Monday, November 06, 2006

Where the real trouble lies

Kevin Carson articulates something I've been thinking but hadn't been able to put in words very well:

What are the most important issues in American politics? The ones you never hear about because the two major parties agree on them.

This points to something related that I've been thinking about: The real threat to liberty, at the moment, isn't right-wing religious fanatics who want to impose the Christian equivalent of sharia, or left-wing nutjobs who want to nationalize the economy; it's the so-called "vital center." Life under Christian reconstructionists or communists would be awful, but the chances of them taking over any time soon are slim. Most of the things I find most offensive, oppressive, and destructive about the state's current activities- the drug war is the big one here, but economic interventionism and public education rank highly too- are, indeed, the things that are simply taken for granted by both mainstream parties.

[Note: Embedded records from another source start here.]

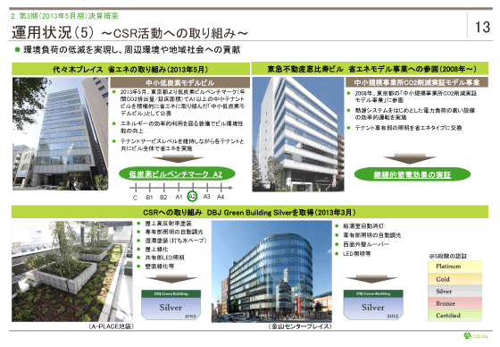 続いて、運用物件のCSR対応についてご説明致します。 東京都の行う省エネモデル事業への取り組みの認定として、代々木プレイスが7段階中、上から3つ目の評価を頂きました。 本ビルは、テナントと一体となってビル全体で省エネを実施したことがポイントとなっております。 また、中小規模事業所CO2削減実証モデル事業として、2008年から東急不動産恵比寿ビルが参画しており、費用削減効果も上がっています。 さらに、日本政策投資銀行の認証するGreen Building認証として、A-PLACE池袋と金山センタープレイスがSilverを取得しております。 このように環境に配慮し物件を運用することは、上場REITとしての使命の一つと考えており、今後も更なる取り組みを継続して参ります。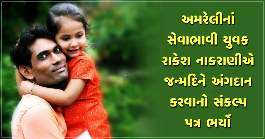 અમરેલીનાં સેવાભાવી યુવક રાકેશ નાકરાણીએ જન્મદિને અંગદાન કરવાનો સંકલ્પ પત્ર ભર્યો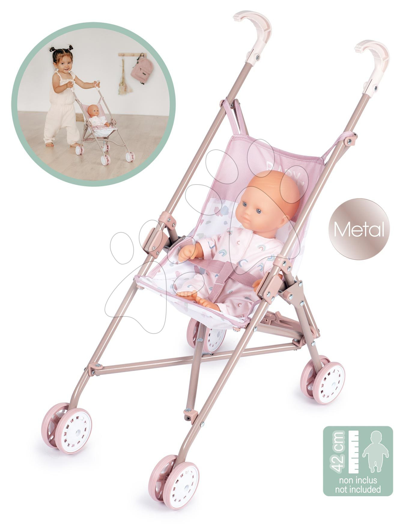 Kočárek golfky Natur D'Amour z kolekce Baby Nurse je stabilní a pevný kočárek, se kterým si zahrají holčičky od 2 let. Je vyhotoven v jemných pastelových odstínech růžové a bílé, jeho sedák se skládá z kvalitního textilu s moderním vzorem a nápisem Baby Nurse. V případě potřeby lze snadno sejmout a vyčistit. Golfky kočárek lze díky promyšlenému systému jednoduše složit a vzít na procházku, do parku nebo na výlet. Výška rukojetí je 58 cm a na sedák se vejde panenka o maximální velikosti 42 cm. Pevná kovová konstrukce v kombinaci s odolným plastem zaručí, že kočárek dětem vydrží dlouhá léta.
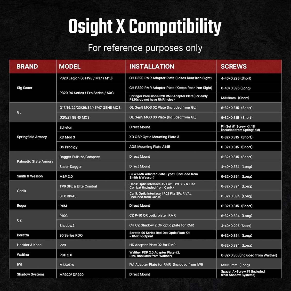Footprint / Mounting Pattern: RMR / Ruggedized Miniature Reflex (407C/507C) Footprint

This seems to lend some credence to the increasingly popular notion that libertarians should try to recruit from leftists- however dreadful their proposed solutions may be, people on the far left are at least aware of the fact there is something terribly wrong with the narrow range of options permitted by "respectable" political opinion. They're less likely to be slaves to what "everyone knows" is acceptable, which creates an opportunity for libertarians. I'm less optimistic on this subject than the left-libertarians are, mostly due to observations made when debating with leftists on mailing lists during my my younger days, but I still think it's worth pursuing.



Stumble Upon Toolbar

2 comments:

John Markley said...

Well, I don't think libertarians should seek to get recruits ONLY from the left. Certainly, we should still seek to persuade Republicans as well. I used to be a Republican myself. My suspicion, though,is that by this point, the low-hanging fruit on that side of the spectrum has already been picked; I think that most people who still consider themselves Republicans after six years of Bush, the war, the domestic spending increases, etc. are probably not going to be readily converted at this point, even if they agree with us on a few issues. On the other hand, if Republican turnout is poor tomorrow, that may mean that some recently disillusioned conservatives may be potential recruits.

I think the left may become a more fertile recruiting ground because, for the last few years, they've learned a hard lesson: sometimes your foes will be in control. Government abuses like Waco under the Clinton administration turned my old Republican self into a libertarian, by showing me how nasty the state can be; I'm hoping Bush will have a similar effect on some people on the left.

This has been a bit rambling; I'll probably organize it into a proper post later.

Quick summary of my opinion of foreign aid: I'm opposed. It's unjust to those who are forced to pay for it, and often hurts the recipient countries by propping up dictators, encouraging expensive public works boondoggles, and so on.

Kevin Carson said...

Thanks for the link. Your phrase about the menace of the "vital center" is a meme that deserves to be spread far and wide.

Chip, the problem with the right is that they're likely to be friendly to all the "free market" rhetoric for the wrong reasons. They claim to love small government and free markets, while worshipping a system whose primary result is government intervention.

I'm fairly sympathetic to the segments of the grass-roots right who are into homeschooling, gun rights, etc. But my impression of the mainstream right (the neocons and Hannidiots) is that they're essentially enemies who are willing to use our rhetoric.

The left, on the other hand, are friends who don't realize it yet. All the things they hate--the same things the mainstream right loves--are the result of government intervention. But they believe it's the "market."

The left generally hate the right things, and correctly identify the problems; they just lack the correct analysis of what's causing them. The phony free market right, on the other hand, uses superficial "free market" analysis to justify statism.